→ **ASSIGNMENT**:
Leaving out all pictures, transcribe exactly the lines between the line with "トップス ブラウス リボン" and the last line of the records below, both included.

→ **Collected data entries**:
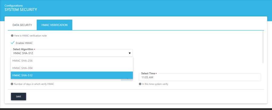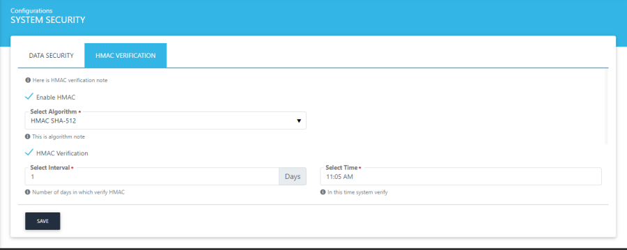 The HMAC verification check box enables the system to verify the data integrity of the entire data of the application.
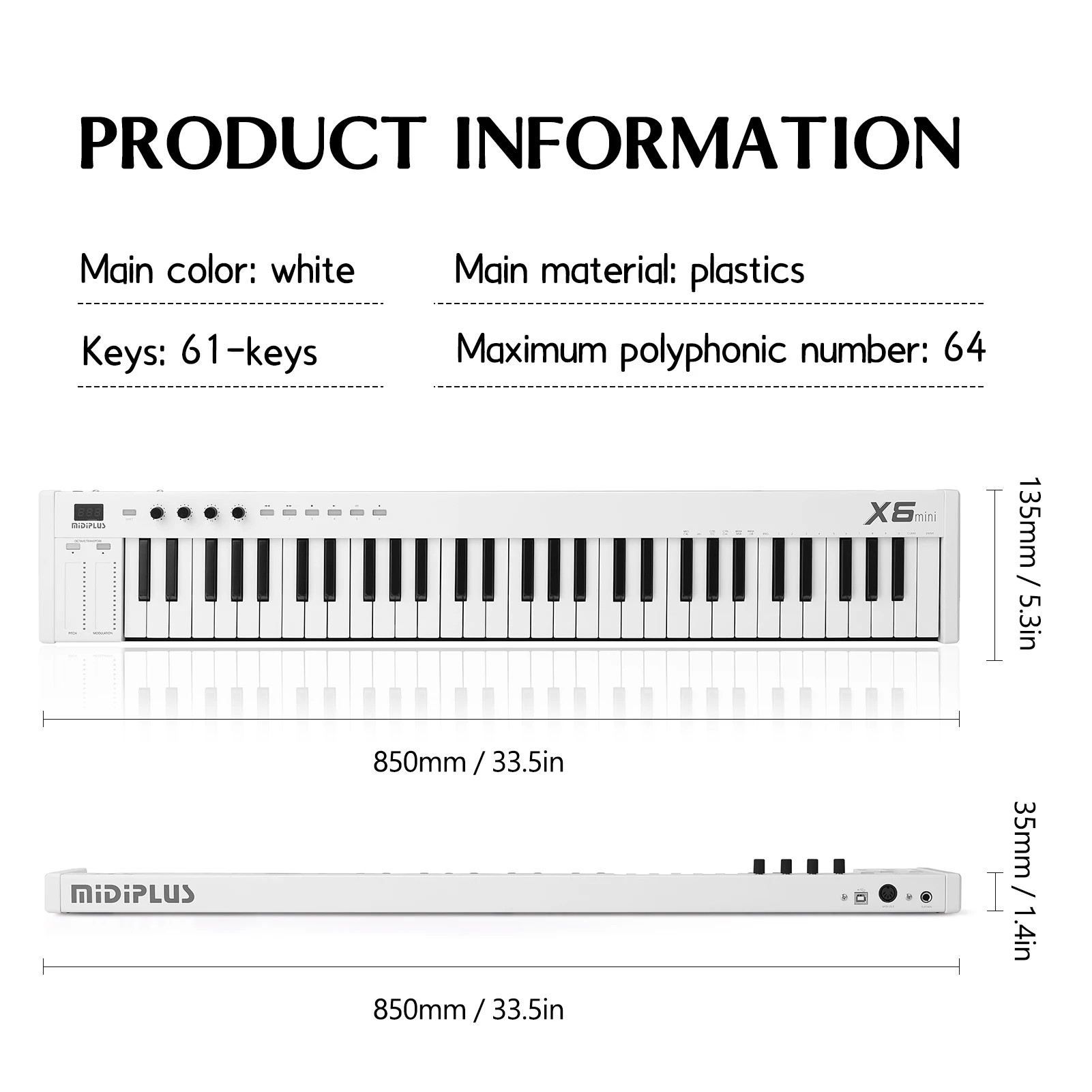 Имеет множество функций и прост в использовании. Благодаря USB-соединению вы можете наслаждаться музыкой, когда захотите. Прилагаемое Руководство пользователя поможет вам быстро понять функции и функции этой midi-клавиатуры. Особенности: Драйвер не требуется, питание от USB и внешнее питание не требуется. Удобно носить с собой. Сенсорные датчики Capactive для управления шагом/модуляцией. Особенности со сдвигом для индивидуальных функций и октавы/Транспозиции. 4 настраиваемых ручки: T1 (громкость), T2 (панорама), T-3 (контроллер выражения), T4 (реверберация). Портативный размер для удобной переноски. Дизайн разумного размера и компактности, удобство использования. Светодиодный ным дисплеем для точного управления. Совместим с различным программным обеспечением для расположения музыки. С противоскользящей резиновой прокладкой для более безопасного использования. Характеристики: Основной цвет: белый Основной материал: пластик Ключи: 61 клавиша Максимальное количество полифонов: 64 Размер изделия: 850*135*35 мм/33,5*5,3 * дюйма Вес изделия: 2085 г/фунта Посылка: 930*200*100 мм/36,6*7,9 * 3.9in Вес посылка: 2824 г/фунта Упаковочный лист: 1 * электронная клавиатура 1 * USB кабель 1 * Руководство пользователя
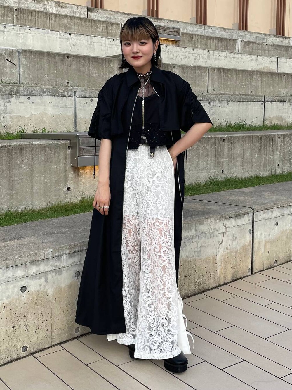 Instagramも日々更新しています🐼🎀 →@__kanon_20 ●ワンピース 袖のリボンデザインで可愛らしさありつつ、ジップでカジュアルさもある万能ワンピースなんです!ジップだからこそ前開けもしやすいです! 149cmの私でも靴無し床につかない長さでした!写真は10.8cmヒールを履いて着用してます! ●パンツ トレンドアイテムなスリムレースパンツ。白は特にコーデのワンポイントとして使いやすいです!1分丈程のペチコート付きなのでインナーが透けることもないです! 149cmの私で7cmあれば床につかず履ける長さでした!写真は10.8cmヒールを履いて着用してます! ●トップス シャツとビスチェがセットの商品のビスチェのみを使用しています!
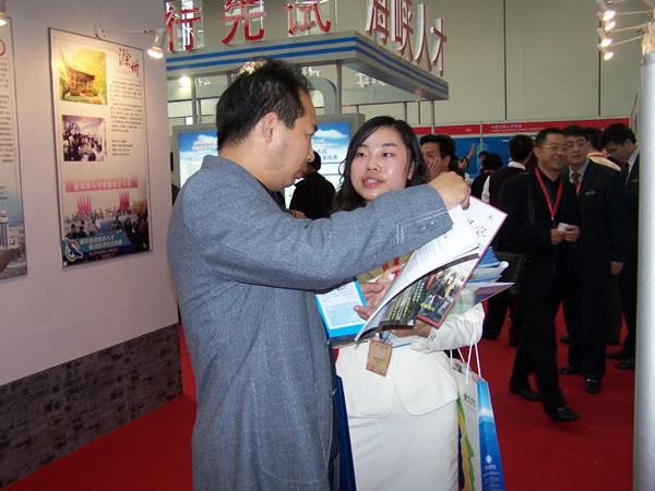 由中國人才交流協(xié)會、上海市人事局和浦東新區(qū)人民政府主辦的2007中國人才服務(wù)業(yè)博覽會于2007年11月15-16日在上海浦東展覽館舉行,中共中央政治局委員、上海市委書記俞正聲出席了開幕儀式并宣布開幕,中組部副部長、人事部部長尹蔚民,上海市委副書記、市長韓正到會致詞。眉州人才市場由分管領(lǐng)導(dǎo)親自帶隊參會,與多家國家級、省級人才市場親切交流,并達(dá)成一定的網(wǎng)上交流等合作意向。
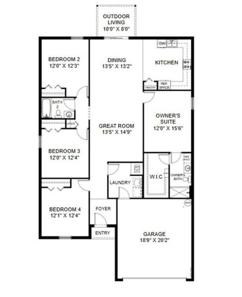 Welcome to the Queen, a four-bedroom floor plan from our Value collection. Designed for privacy and comfort, this home features three bedrooms on one side while the Owner's Suite is situated on the other side. As you enter through the foyer, you'll notice the Great Room and Dining Area offers a seamless flow and abundant natural light from the sliding glass doors leading to the backyard. The kitchen, positioned at the back of the home, is conveniently adjacent to the dining room. With ample counterspace and cabinets, it provides the perfect setting for all your culinary endeavors.
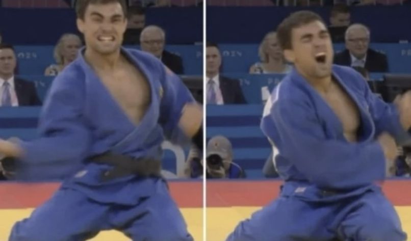 2024 파리올림픽 유도 남자 73㎏급 준결승에서 몰도바의 아딜 오스마노프가 이탈리아의 마누엘 롬바르도(25)를 상대로 동메달을 따낸 뒤 세리머니를 하다 어깨 부상을 입었다. [사진출처=브라질 gesortv 유튜브 캡처]
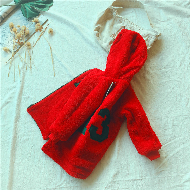 2018冬季新款雙面可穿加絨加厚兒童寶寶外套 中長款毛絨女童外衣1入
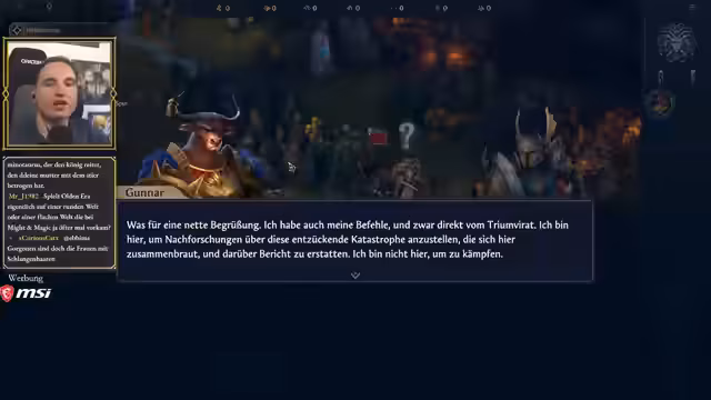 00:40:59Der Streamer beginnt mit dem Gameplay von Heroes of Might and Magic Olden Era. Er stellt klar, dass es sich um die vollwertige Release-Version handelt, nicht um eine Demo. Nach einer kurzen Einführung in die Spielmechaniken und die Geschichte wählt er einen Helden namens Gunnar aus, einen Minotaurus mit speziellen Fähigkeiten. Er erkundet das erste Dorf mit einem mysteriösen, unlöschbaren Feuer und beginnt mit der Mission, die Ursache dafür zu klären, während er langsam die Grundlagen des Spiels erklärt.
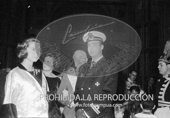 Boda de la Princesa Mª Teresa de Baviera (Tessa de Baviera) con D. Alfonso Márquez y Patiño, en San Francisco el Grande. Príncipes de España de testigos. Duquesa de Alba, Alfonso de Borbón, Gutiérrez Mellado de Coronel entre los invitados, Carrero Blanco.
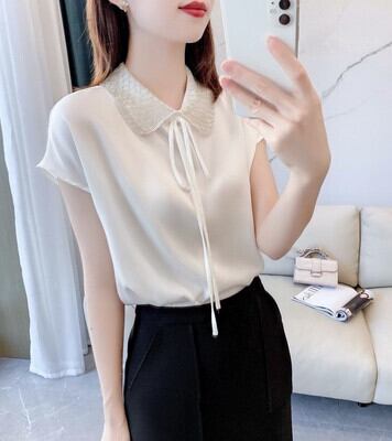 トップス ブラウス リボン 大人可愛い きれいめ シンプル おしゃれ 無地 春 夏 10代 20代 30代 40代 50代 レディース オフィス ビジネス OL ファッション S M L XL 白 ホワイト 黒 ブラック | Raforea
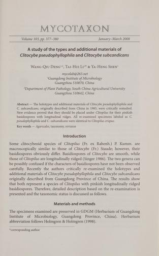 Published in Mycotaxon, in 2008, in volume 103, pages 377-380
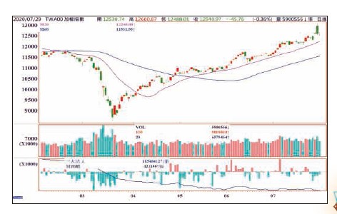 至於台股,七月二十七日在台積電漲停帶動下,指數截至七月二十八日創下13031點歷史新高,目前台股仍是沿月線盤堅,除非跌破月線並造成月線下彎,才有機會回測季線進入區間中段整理。不過目前看來,應該還是距美國十一月三日大選前後一段期間愈近,就愈比較需要留意是否會出現較大幅度的劇烈震盪整理。
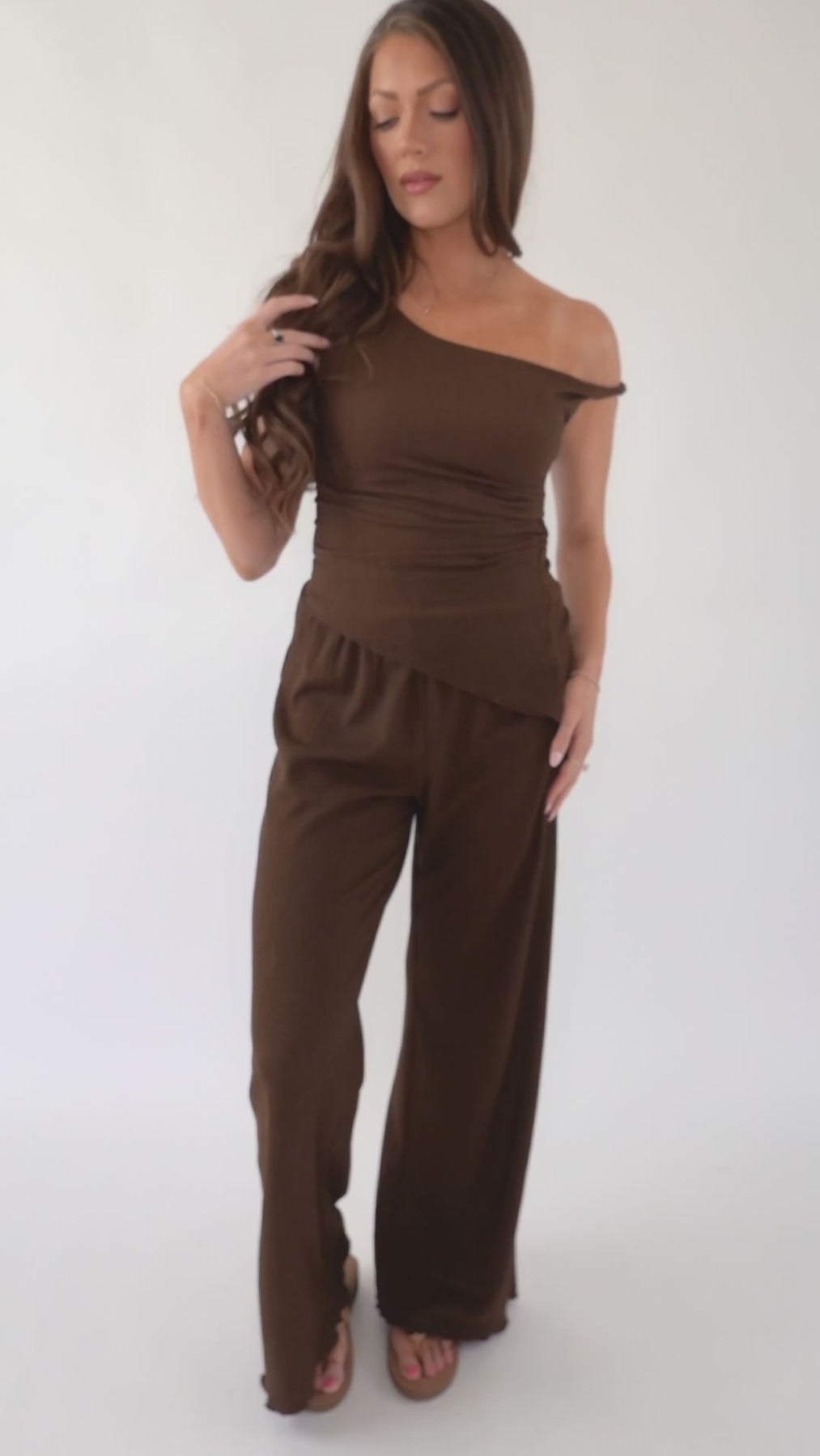 Effortless elegance meets modern edge with this brown textured tank. The striking one-shoulder neckline and asymmetrical hemline create a chic look. You're going to dazzle in this off the shoulder top! There is some stretch to the top.

→ **COMPLETED TASK**:
 トップス ブラウス リボン 大人可愛い きれいめ シンプル おしゃれ 無地 春 夏 10代 20代 30代 40代 50代 レディース オフィス ビジネス OL ファッション S M L XL 白 ホワイト 黒 ブラック | Raforea
 Published in Mycotaxon, in 2008, in volume 103, pages 377-380
 至於台股,七月二十七日在台積電漲停帶動下,指數截至七月二十八日創下13031點歷史新高,目前台股仍是沿月線盤堅,除非跌破月線並造成月線下彎,才有機會回測季線進入區間中段整理。不過目前看來,應該還是距美國十一月三日大選前後一段期間愈近,就愈比較需要留意是否會出現較大幅度的劇烈震盪整理。
 Effortless elegance meets modern edge with this brown textured tank. The striking one-shoulder neckline and asymmetrical hemline create a chic look. You're going to dazzle in this off the shoulder top! There is some stretch to the top.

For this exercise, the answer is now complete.